Dentro da tempestade é difícil perceber os limites do que pode ser dito e escrito, sem cair na fífia ou no disparate. Há contudo, um tema absolutamente incontornável, que esteve sempre latente e agora ganha uma evidência ensurdecedora: o que vai acontecer a essa instituição a quem todos agora suplicam? Qual vai ser o futuro do Estado, ao seio do qual todos agora se acolhem, das influentes multinacionais do sector automóvel ou da aviação civil aos humildes trabalhadores eventuais do turismo e da restauração? Importa recordar de onde viemos. Foi o Estado, esse “deus mortal”, na rigorosa expressão do genial Thomas Hobbes (1588-1679), que salvou a democracia representativa em que, apesar dos desvios demagógicos e plutocráticos, grande parte do Ocidente ainda vive O grande estadista do século XX foi o presidente norte-americano Franklin Delano Roosevelt (FDR).

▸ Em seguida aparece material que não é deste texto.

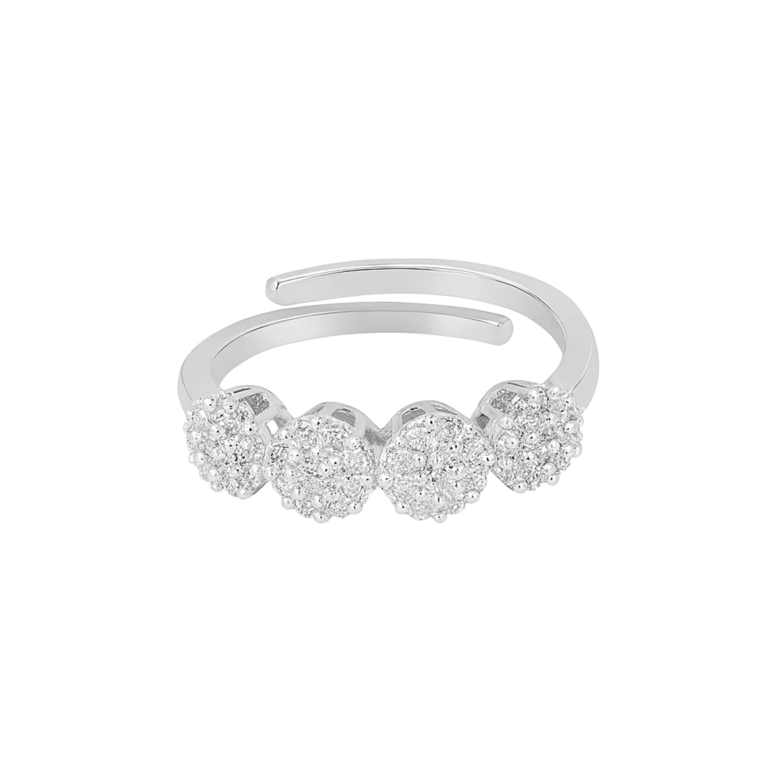 Design – Adjustable open ring with four floral CZ clusters for a radiant, elegant look

Entre 1933 e a sua morte em 1945. FDR reconstruiu o federalismo norte-americano, através de leis e instituições que defendiam a sociedade contra o capital financeiro sem destruir a capacidade de iniciativa do mercado; no plano internacional não só liderou o combate vitorioso contra as potências do Eixo, do Atlântico ao Pacífico, como lançou as bases de um sistema internacional orientado pela procura da paz com ordem, que ainda sobrevive no que sobra das Nações Unidas. Se os EUA tivessem sido liderados pela America First de Charles Lindbergh, a Europa e a Ásia teriam caído no inferno do jugo totalitário, racista e militarista do Eixo.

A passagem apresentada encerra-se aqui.